When my business clients are under performing, this is often where I look first. Surprisingly, many businesses I come across have applied this broad-brush approach to defining their market. They have erroneously chosen to target broad product-markets. As a result they miss the mark. Customers in these markets are just too diverse and complex to respond to a broad-brush marketing strategy.
To turn my client’s business around and develop a winning marketing strategy for them then becomes dependent on our ability to identify discrete submarkets, or customer segments, that do have homogenous needs and who desire comparable benefits. This will allow my client to leverage their organization’s unique capabilities in providing compelling value to their customer segments by understanding each segment’s needs and desires.
To do this I take my clients back to basics to:
- Help them quickly understand why market segmentation is so important
- Provide them a starting point so that they can immediately begin to conceive how broad product-markets might be segmented to improve the focus and performance of their business.
Focusing marketing strategy with segmentation and positioning
A great resource for this subject is, “Focusing Marketing Strategy with Segmentation and Positioning” Ch. 4, Basic Marketing-A Marketing Strategy Planning Approach 18th ed., (William D. Perreault, Jr., Joseph P. Cannon, and E. Jerome McCarthy). It is one of a number of excellent chapters in this text book.
It provides a practical and easy-to-use approach to segmenting markets.
To illustrate the author’s approach I have changed the fictitious case study presented by the authors to the Premium Hotels in Toronto product-market. (See table below)
The authors recommend a 7-step approach to segmenting broad product-markets into narrower market segments.
1) Select the broad product-market
Premium Hotels in Toronto.
2) Identify potential customer needs
Identify and capture as many relevant needs as possible for all the potential customers in this broad product-market. One way to identify many possible needs is to consider, “Why different people buy the present offerings in the broad product-market.”
3) Form homogenous submarkets—narrow product-markets
It is now possible to start forming submarkets—narrow product-markets— of customers with similar needs and seeking similar benefits. At this stage it is useful to capture the important need dimensions and customer-related characteristics of each submarket.
4) Identify the determining dimensions
“Review the list of need dimensions for each possible submarket segment and then identify the determining dimensions,” These are the dimensions that affect the customer’s purchase of a specific product or brand within a narrow product-market.
5) Name (Nickname) the narrow product-markets—submarkets
6) Evaluate why these submarket segments behave as they do
Consider one more time: “What you know about each segment to see how and why these markets behave the way they do.”
You may find that customers comprising a submarket share many similar but also some slightly different needs. This may mean that they represent more than one possible submarket.

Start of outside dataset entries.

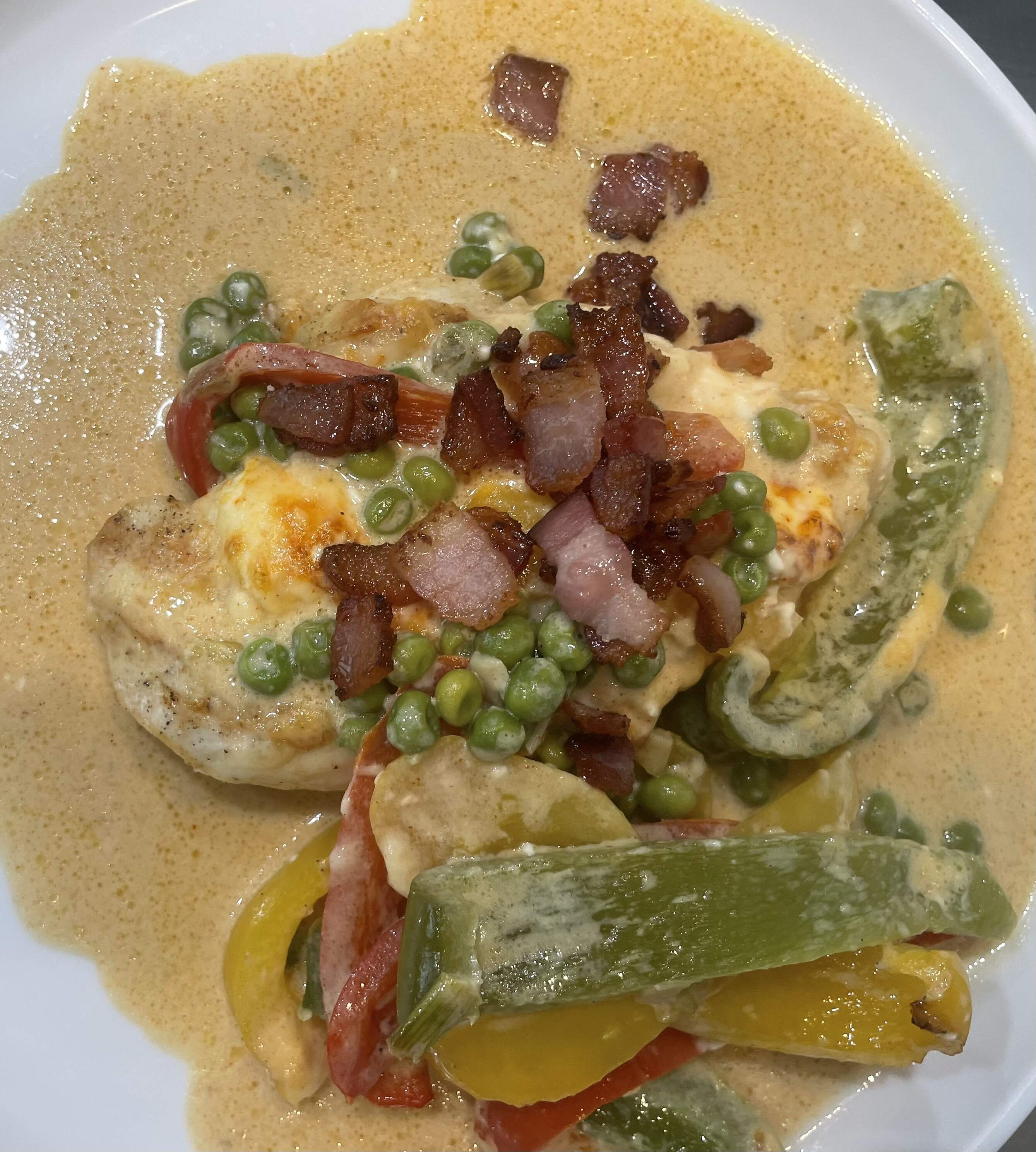 Chicken Breast with Bell Peppers - chicken breasts are quickly seared. Red, green and yellow bell peppers, scallions and peas are sautéed and briefly cooked in vegetable broth and some heavy cream. The vegetables mixture is poured into a casserole dish and topped with chicken breasts. Each chicken breast is covered with a cream cheese-milk-smoked paprika mix and topped with grated cheddar. Finished in the oven for 15 minutes and topped with some crispy bacon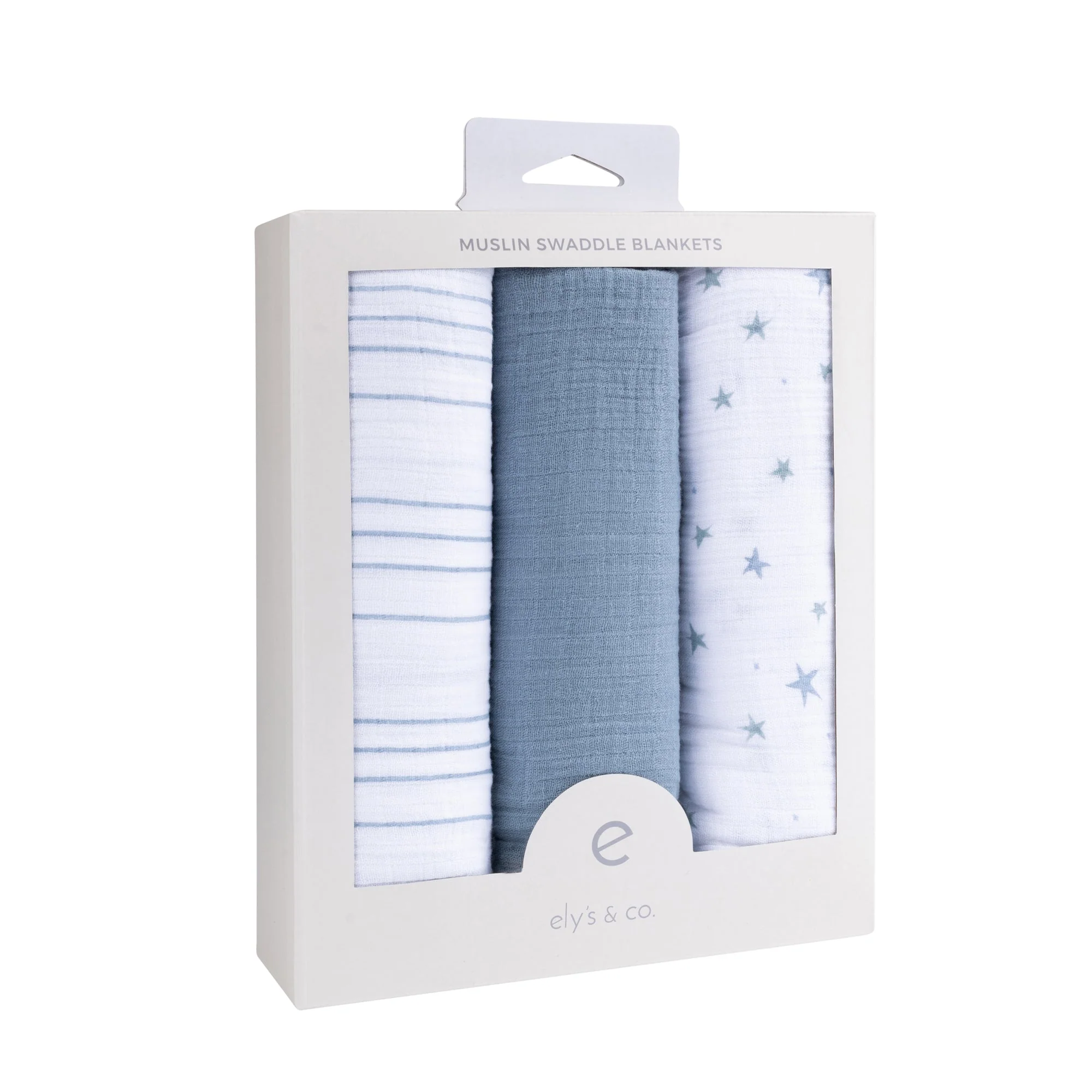 Ely’s & Co. Muslin Swaddle Blanket 3-Pack for Baby Boy— 100% Cotton Muslin Extra-Large Swaddle Blankets (47”x 47”) — Misty Blue, Stars│Solid│Stripes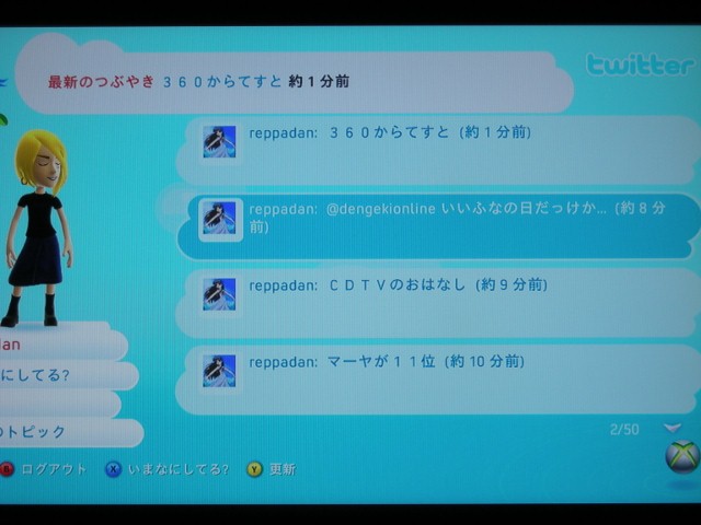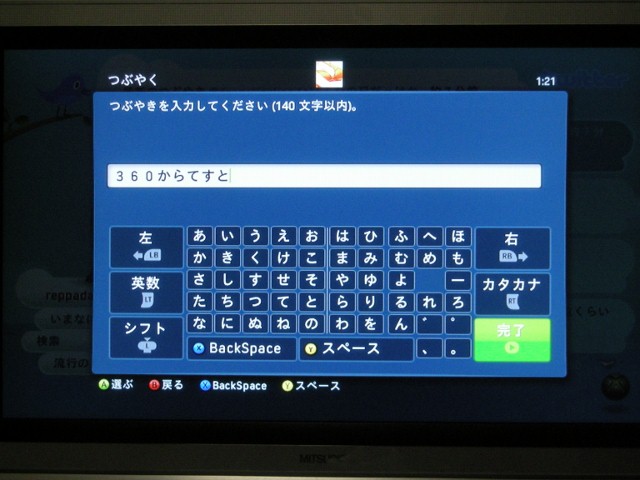 ゲーム中じゃないにしろ、つぶやこうとしたらダッシュボードから起動しないとだめだっていうのがだめだね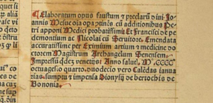 Paper. [294] leaves ; 300 x 210 mm. (fol.). Gothic type; double columns. F.2a: In nomie dei misericordis cuius nutu fmo recipit gratiam et doctrina pfectione principiu uboz Joannis filii Mesuem... Colophon: f.294a: Impressum adez venetijs: Anno salut MCCCC octuagesio quarto. duodecio vero Cale[n]das ianuarias sumptu et impensa Dionysu de bertochis de Bononia. [Variant as noted by Hain and recorded at BMC V: 390]. Rubricated throughout. Leaves of index (at front) wanting; others some damage, including wormed and ripped.

Alternatively, two of the submarkets previously identified may comprise customers who share very similar needs and desire the same benefits, in which case these submarkets might be combined and renamed.
7) Make a rough estimate of the size of each submarket
At this step of the process all available sources of secondary demographic data are interrogated to estimate the size of submarkets as a starting point towards estimating their economic potential.
This simple case makes explicit the crucial importance of market segmentation for conceiving a winning marketing strategy.
Validation of market segmentation for conceiving marketing strategy
Clearly, a marketer, seeking to enter the broad product-market, Premium Hotels, would be sadly mistaken to view it as a single homogenous market comprising potential customers with essentially similar needs and sellers offering various close substitute ways of satisfying those needs. Instead, using the author’s approach to segmenting, we are able to identify six specific narrow product-markets that each comprise of customers with homogenous needs and a desire for comparable benefits.
By applying this kind of market segmentation an organization:
- Can choose the customer segments it is best placed to serve given its unique capabilities
- Is better able to recognize which segments represent underserved or unserved submarkets with little or no competition
- Is in a stronger position to create and deliver a compelling value proposition to the customer segments it chooses to serve
And all of that leads to winning marketing strategy.